Sampling-based and Gradient-based Efficient Scenario Generation
ABSTRACT. Safety-critical autonomous systems often operate in highly uncertain environments. These environments consist of many agents, some of which are being designed, and some represent the uncertain aspects of the environment. Testing autonomous systems requires generating diverse scenarios. However, the space of scenarios is very large, and many scenarios do not represent edge cases of the system. We want to develop a framework for automatically generating interesting scenarios. We propose to describe scenarios using a formal language. We show how we can extract interesting scenarios using scenario specifications from sampling-based approaches for scenario generation. We also introduce another technique for edge-case scenario generation using the gradient computation over STL. We demonstrate the capability of our framework in scenario generation in two case studies of autonomous systems involving the autonomous driving domain and the safety of human-robot systems in an industrial manufacturing context.

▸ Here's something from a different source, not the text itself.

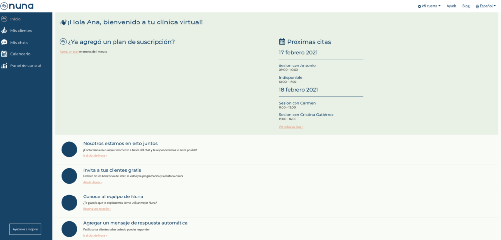 Si eres psicólogo y buscas un software para consultorios psicológicos, puedes valorar lo que te ofrece Nuna, ya que está diseñado exclusivamente para expertos en salud mental. Además, es un software sencillo, fácil de utilizar y completamente gratuito.

HyperPart-X: Probabilistic Guarantees for Parameter Mining of Signal Temporal Logic Formulas in Cyber-Physical Systems
ABSTRACT. Optimization-based falsification is an automatic test generation method for evaluating the safety of Cyber-Physical Systems (CPS) against formal requirements. In this work, we focus on temporal logic requirements and, more specifically on Parametric Signal Temporal Logic (pSTL). pSTL generalizes STL allowing to express the quantifiers of the logical operators as variables. This extends the falsification from searching for the inputs that violate the requirement to the inputs and the formula parametrizations that result into unsafe behaviors. The state-of-the-art Part-X, a recent algorithm for falsification, offers probabilistic falsification level sets and confidence-bounded results on inputs but is not tailored for pSTL. Our approach, HyperPart-X, builds on Part-X and solves the problem while also providing probabilistic guarantees on the estimated level set by adaptively branching the parameter space and intelligently sampling from both the parameter and input spaces in a coordinated and hierarchical approach. HyperPart-X is compared on synthetic functions and CPS benchmarks against uniform random and Part-X. Empirical results demonstrate that HyperPart-X returns level set estimates and guarantees, where Part-X fails to find a solution. Results also show that it can achieve the level set with the same associated confidence level as uniform random sampling using orders of magnitude less samples.